SUPERB will build on the vast but scattered practical knowledge and lessons learned from successful and non-successful forest restoration and adaptation activities and synthesise them for action. We will connect with restoration experts, including from LIFE projects and practitioners with decades of experiences with alternative management approaches. This practical knowledge will be underpinned by a compilation of highly relevant scientific knowledge including economic, governance, forest management, and climate change adaptation aspects of restoration.

We have 12 large-scale demos in 12 countries, representing various challenges and stressors on European forests and a wide range of necessary restoration actions. Our demo areas comprise entire socio-ecological systems, protecting and restoring forests while also considering people’s needs for ecosystem services and benefits.

Our aim is to implement our restoration activities in partnership with local communities, landowners, and other partners. We will also demonstrate best practices for a variety of forest types and collect practical and scientific knowledge on successful forest restoration.

SUPERB is a €20 million project funded by the EU Horizon 2020 Research and Innovation Programme, with committed in-kind contributions of €90 million from its associated partners.

Our objectives

Our overall goal is to create an enabling environment for, and demonstration of, large-scale restoration of forests and forest landscapes across Europe.

Number 1

Demonstrate and test together with key local stakeholders successful restoration approaches in 12 large-scale demonstrators (‘demos’) across Europe.

Our stakeholders include local communities, private landowners, municipalities, state forests, forest and nature agencies, restoration SMEs, and NGOs. The demos face different challenges and pressures and they aim to restore the structure, composition, and functionality of forest habitats (including soils). This is done with a variety of measures and management forms that integrate restoration as much as possible into ‘normal’ forest and landscape management.

Number 2

Deliver evidence-based practical knowledge on sustainably and successfully managing, governing, and financing restoration by learning about barriers and enablers for restoration.

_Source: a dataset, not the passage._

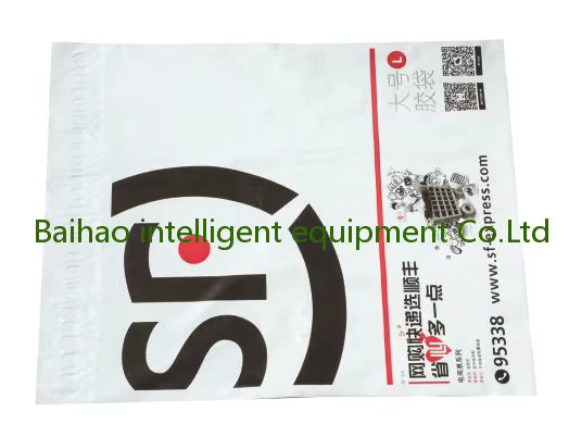 The machine can produce various types of plastic bags including courier bags, zipper bags, and biodegradable bags.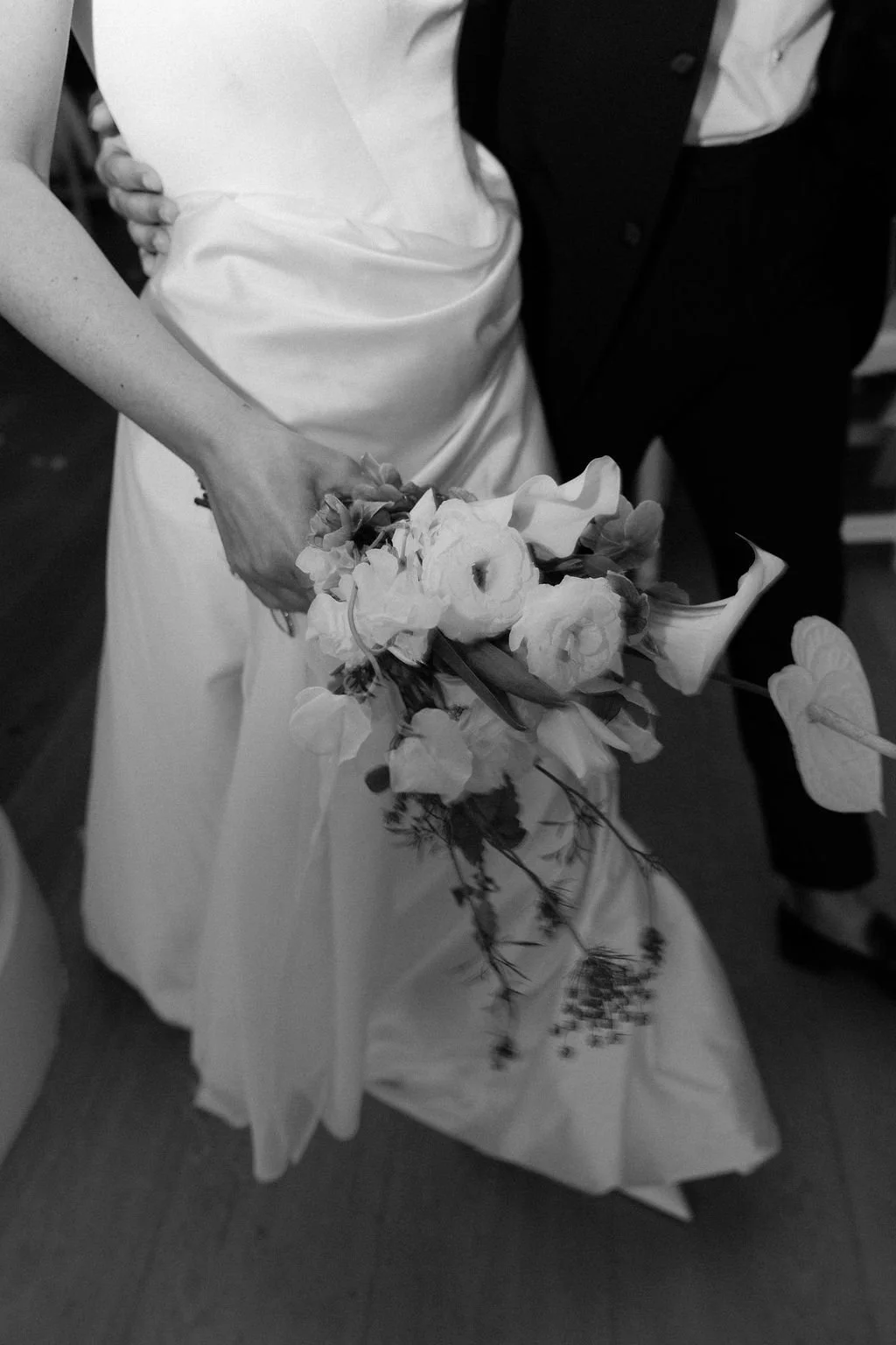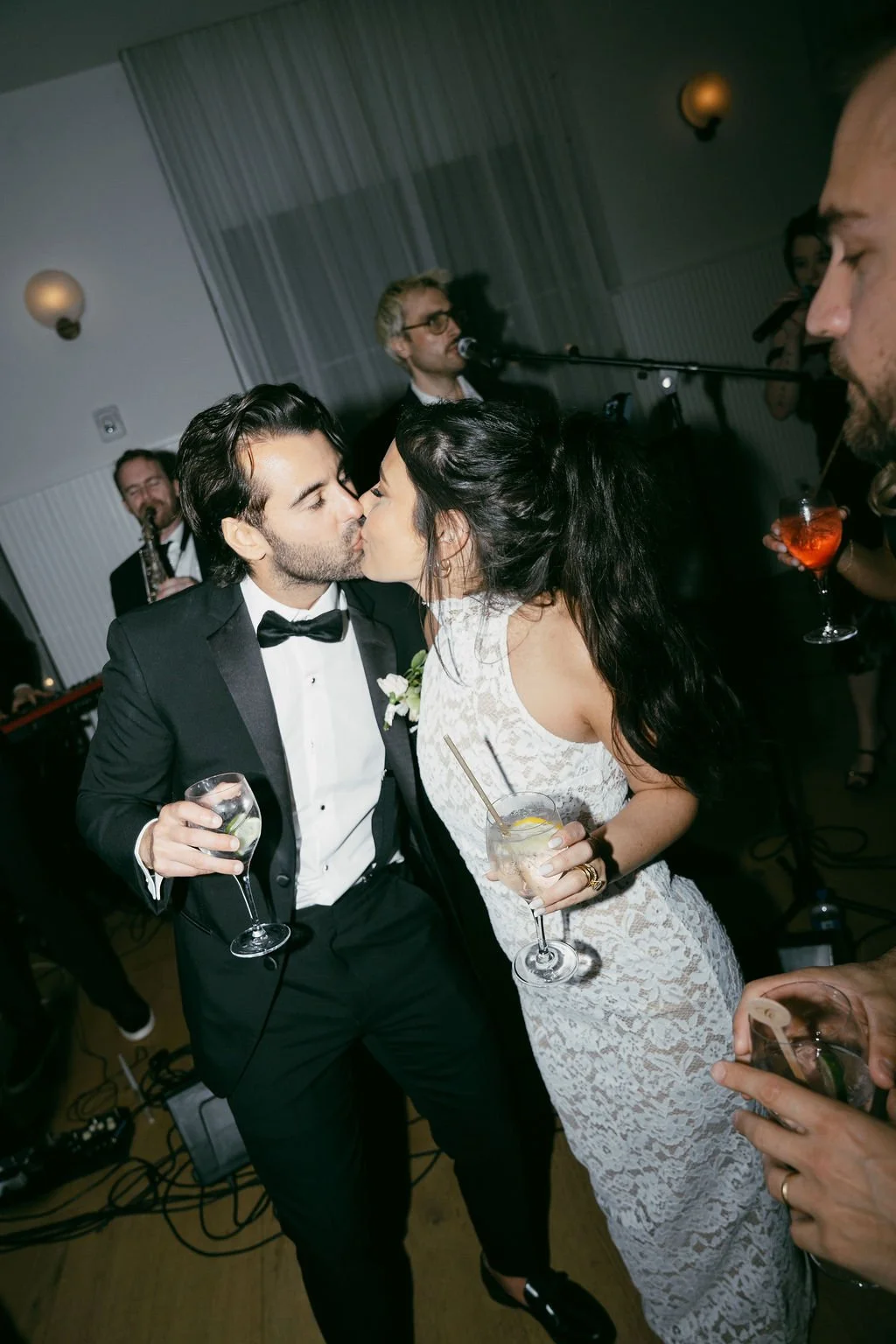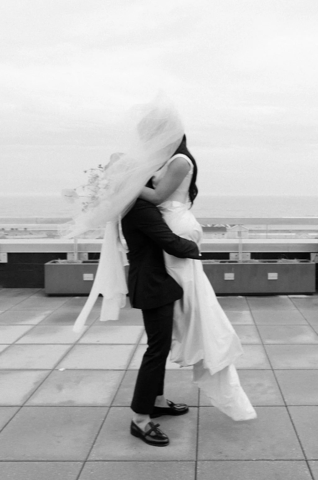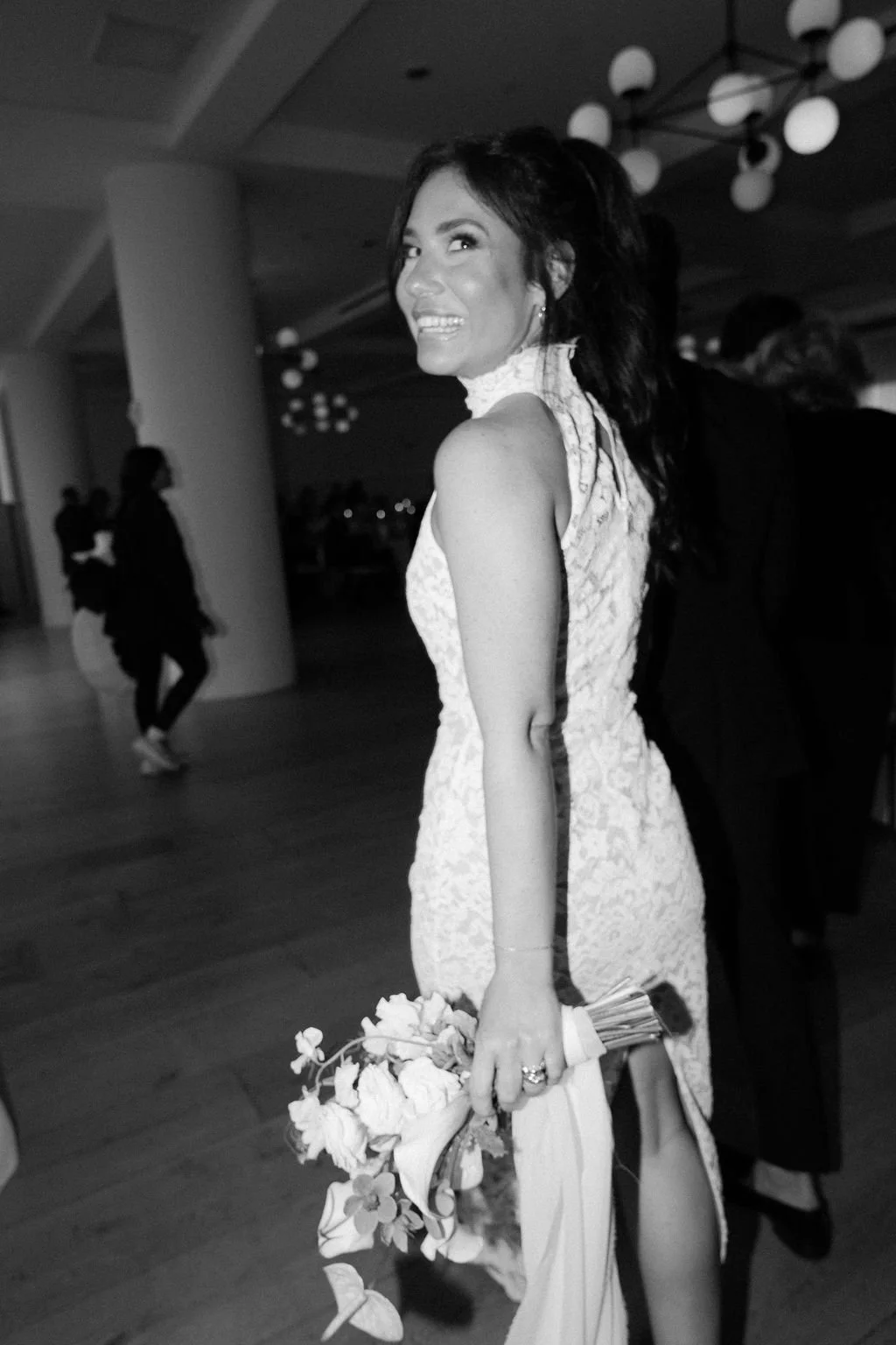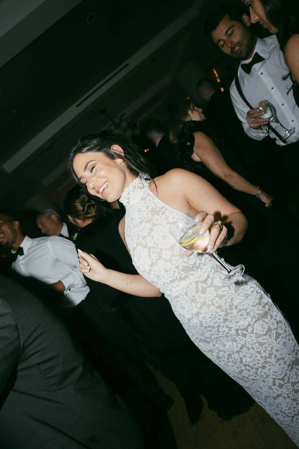 The couple’s wedding day was a study in modern elegance, with a neutral palette of black, white, and lush greenery creating a timeless backdrop. Tables were accented with fresh fruit elements, adding subtle pops of color and texture throughout the space. The day included stunning bridal portraits that captured the couple’s effortless style, and a surprise visit from their beloved puppy added a playful, personal touch. Minimalist design, thoughtful details, and heartfelt moments combined for a celebration that felt both chic and intimately joyful.

This is based on past and ongoing forest restoration projects and activities from across Europe and beyond.

Number 3

Improve societal support for restoration and benefits from restoration

By fully considering societal demands and expectations of restoration and co-designing adequate and favourable approaches and plans through inclusive and transformative stakeholder and community engagement.e and beyond.

Number 4

Launch an interactive online Marketplace

Where market agents (landowners, funders etc.) can post calls for or offers of sustainable restoration actions and find insights into sustainable financing that take cost-effectiveness, socio-economic benefits, involvement, and just access into account.

Number 5

Deliver a multi-language Forest Ecosystem Restoration Gateway

That serves as the central knowledge platform for anyone interested or working in restoration to obtain evidence-based guidance on forest restoration, including restoration-support tools, manuals and guidelines.

Number 6

Create a large and powerful multi-stakeholder network and movement for the development, uptake, and upscaling of transformative forest restoration approaches and actions.

We engage with many actors, including our 90 regional to international associate project partners. They represent key stakeholders and have in one way or another influence on the majority of European forest landscapes, e.g., agricultural and nature protection ministries and government agencies from over 20 European countries, landowner associations, certifiers, funders, NGOs etc.

Our sister projects

Restoring biodiversity and ecosystem services

SUPERB is funded by the European Commission’s Horizon 2020 Framework Programme under the topic “Restoring biodiversity and ecosystem services” of the call “Building a low-carbon, climate resilient future: Research and innovation in support of the European Green Deal (H2020-LC-GD-2020)“.

We work closely together with our sister projects MERLIN, WaterLANDS and REST-COAST, funded under the same call.